Protests outside St. Anthony's hospital are just one alarm bell warning of the impact of chronic nursing shortages across Newfoundland and Labrador, with one union saying the situation is worsening and systemic changes are needed to fix it.

Residents of the Northern Peninsula have held a series of protests outside the Charles S. Curtis Memorial Hospital in St. Anthony in recent days to voice their frustrations around what the local health authority says is a temporary reduction in services, due to summer staffing shortages, that will last to mid-September.

One protester said people are concerned about the transparency of the health authority's decisions — like cutting the number of the hospital's intensive-care unit beds from four to two — and are skeptical the changes truly are temporary.

"We're lied to all the time. It's all done in backdoor deals, like nobody knows what's going on," said Dean Strangemore of the Save Our Hospital Action Committee.

According to the Registered Nurses' Union Newfoundland and Labrador, there are at least 13 registered nurse vacancies at the hospital, with a nurse vacancy rate for Labrador-Grenfell Health overall hovering at 40 per cent.

"We are experiencing very tremendous nursing challenges right now," said Labrador-Grenfell Health CEO Heather Brown.

That strain is exacerbated by the annual summer crunch, when hospital services across Newfoundland and Labrador typically slow down to accommodate staff vacation time.

Yvette Coffey, president of the Registered Nurses' Union Newfoundland and Labrador, says nurses worked 300,000 hours of overtime in the year before the pandemic. (Mark Quinn/CBC)

The RNU disputes the suggestion that summer is the problem.

Even before the pandemic, from March 2019 to March 2020, registered nurses worked 300,000 hours of overtime, union president Yvette Coffey said. Nurses also aren't currently being granted annual leave in some places, including Happy Valley-Goose Bay, she said, and long-term care admissions have been closed in some St. John's facilities with 40 to 50 nurse vacancies there.

"This has nothing to do with granting vacation. Nothing," Coffey told CBC News on Wednesday.

'No magic bullet'

On Tuesday, Health Minister John Haggie said nurse shortages have not started to affect services.

"We haven't got to that kind of situation. I think our challenges have been some chronic issues around recruitment, and we have been working with the RNU for strategies around that," he said.

Coffey said she was disappointed by that response.

"Everybody needs to come together and admit there's a shortage," she said.

She outlined myriad patient impacts, with at least 60 people in acute care beds in various St. John's hospitals waiting to move into long-term care, and more in the community waiting as well. When ICU beds at St. Anthony's hospital are full, it has an agreement to send overflow patients to the Health Sciences Centre in St. John's, but Coffey said that can't happen, because the HSC has no capacity to take on the extra load.
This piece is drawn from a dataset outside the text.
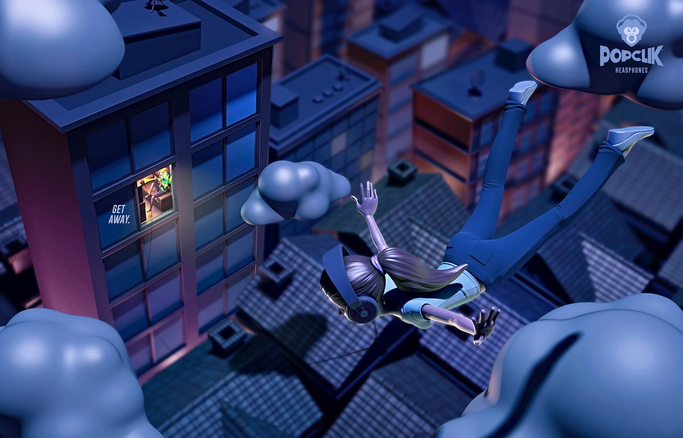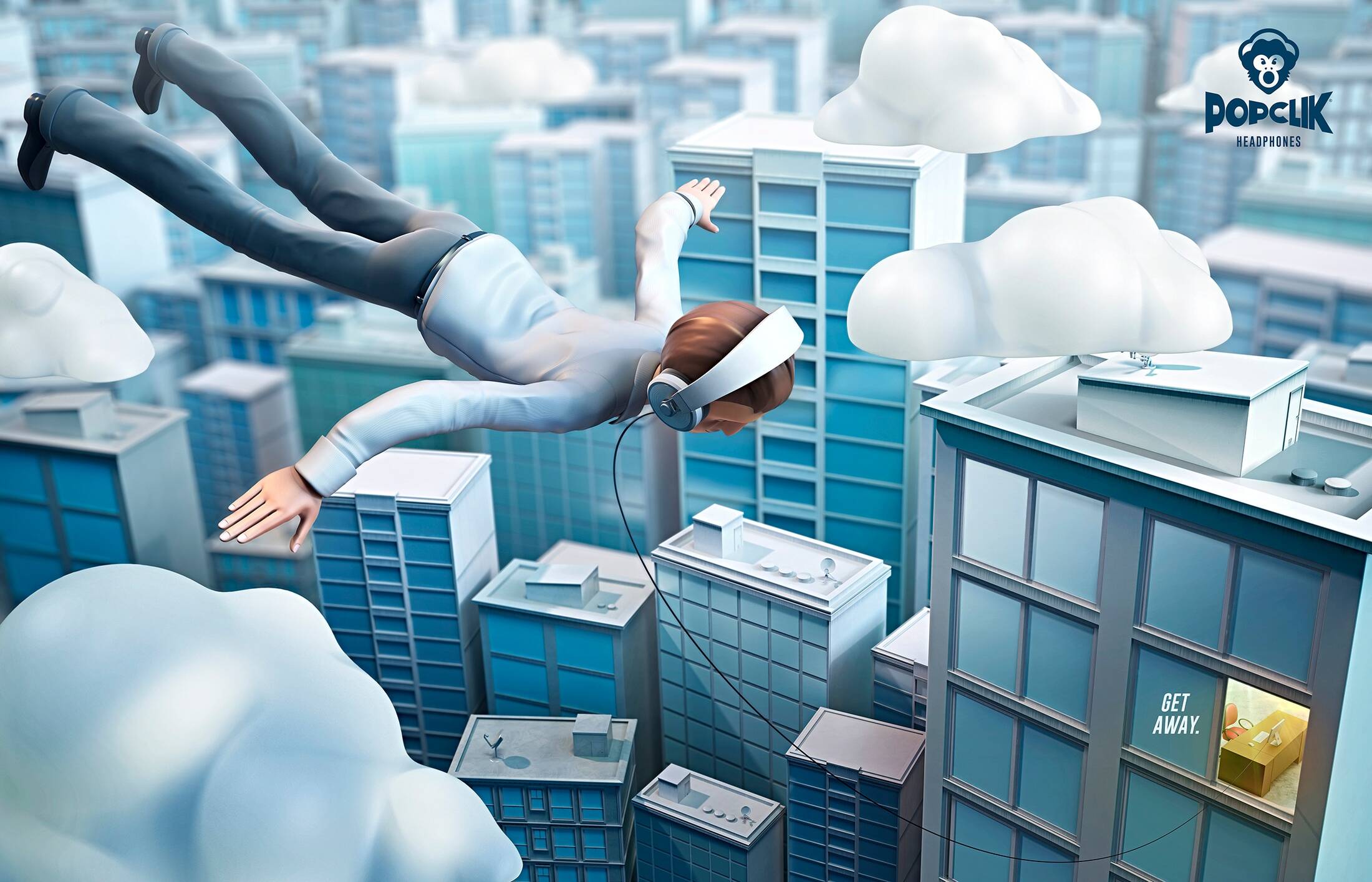 This professional campaign titled 'Flying Girl, Flying Boy' was published in United States in April, 2014. It was created for the brand: PopClik Headphones, by ad agency: Y&R. This Print medium campaign is related to the Electronics, Technology industry and contains 2 media assets. It was submitted over 11 years ago.

People being cared for by nurses may also be noticing the difference, Coffey said.

"If you have a mentally, physically exhausted registered nurse working, that is going to affect patient care. You are more apt to make mistakes. Things are getting missed when you are tired and exhausted," she said.

Health Minister John Haggie says a number of small changes need to be made to address nursing issues. (CBC)

Haggie said the ways in which nurses are working has to be looked at, to make sure registered nurses aren't filing paperwork, answering phones or doing other non-nursing duties, as well as looking at the software for scheduling.

"There really is no magic bullet," he said.

Coffey said all parties involved need to get together and hash out short- and long-term strategies to address the shortage. She wants to see a core staffing review, a human resource strategy and other ideas.

That may cost money, she said, but nurse overtime was already a $25-million expense prior to COVID-19.

"Everything is going to cost money, but there's also the cost of the physical and mental exhaustion on the members who are working in the system every day."